Within four years, the York meeting had a plan, had raised funds, and began admitting patients in 1796 to the York Retreat. Three aspects of the Retreat’s early experience deserve mention. First, the retreat promoted the concept of “moral treatment.” Moreover, this emphasized a positive, nurturing, sympathetic attitude towards patients, and a safe, attractive, respectful environment. Second, they found that a surprisingly high number of their patients improved dramatically. This was particularly true if the mental illness was of recent onset. Thirdly, they kept meticulous financial records, and discovered that they could provide kind, compassionate care, and be financially solvent. The Quakers had acquired considerable experience in establishing schools, and obtaining financial support from their members. This fund raising was all the more successful as their cause was embraced and relevant information distributed. So it was that within several years of opening, the York Retreat was regarded locally as a great success. Interested parties came to visit the Retreat and began creating similar institutions.

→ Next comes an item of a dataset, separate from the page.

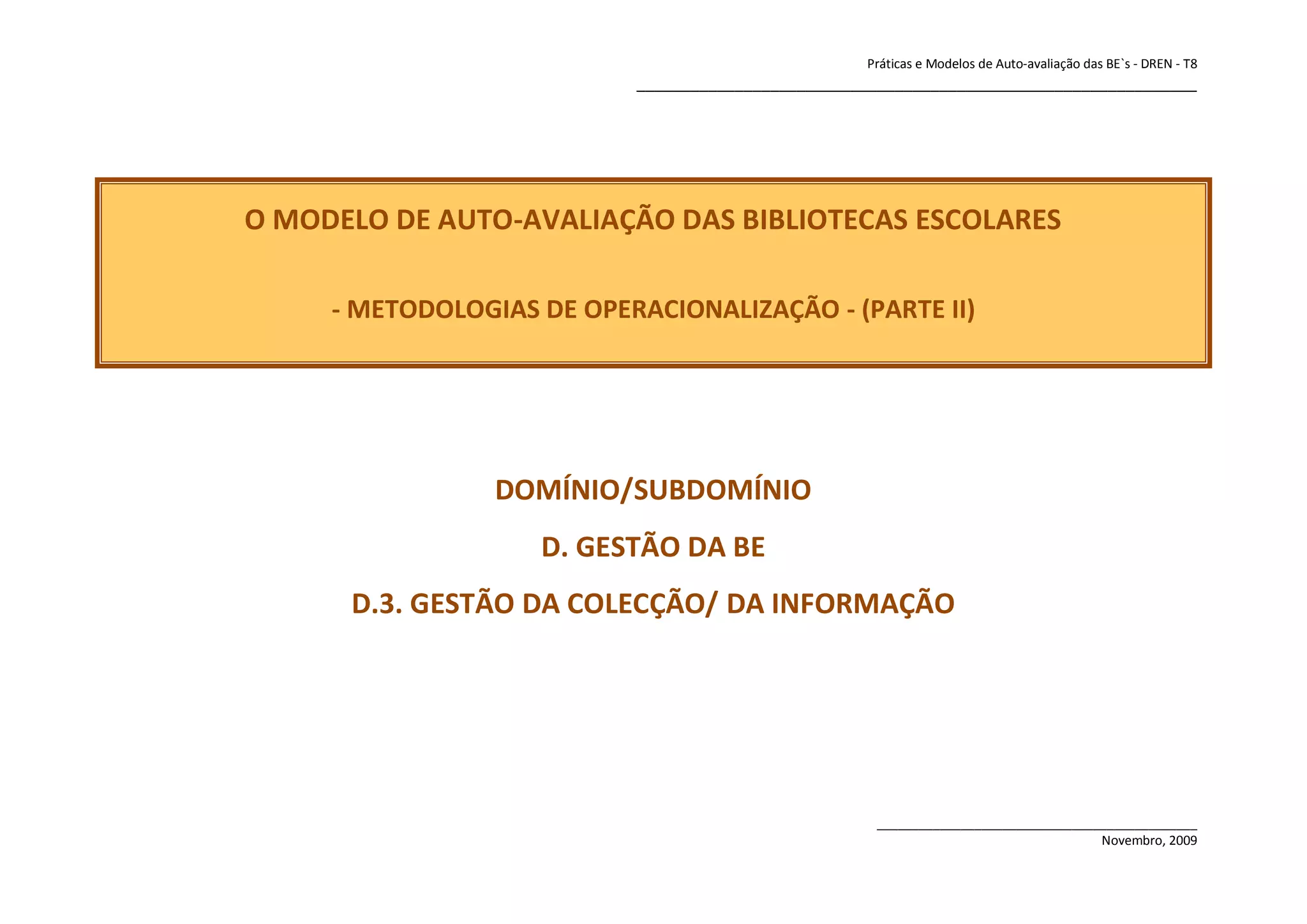 Este documento fornece indicadores e fatores críticos para a autoavaliação de bibliotecas escolares no domínio da gestão da coleção e da informação. Apresenta instrumentos para recolher evidências sobre planeamento da coleção, adequação aos utilizadores, uso e organização da informação. O objetivo é apoiar bibliotecas na avaliação contínua e melhoria destas áreas.

In 1799, Scattergood traveled to York where he dined with William Tuke, the founder of the York Retreat. He also stayed at the home of Lindley Murray, one of the original supporters of the York Retreat. The following day, Scattergood visited the Retreat where he met with 30 Quaker patients with mental illness. Scattergood writes in his diary: “We sat in quiet, and I had vented a few tears, and was engaged in supplication.”
Scattergood’s visit to the York Retreat occurred near the end of his time in England. While it was to be a seminal event, Scattergood yearned to return to his family in Philadelphia. He writes:
When I view my situation, when I consider the distance I am from my home, how long I have been absent, the afflictions I have passed through…my hear has been sometimes overwhelmed. I hastened to be ready to go home, but here I am yet, as a prisoner in bonds.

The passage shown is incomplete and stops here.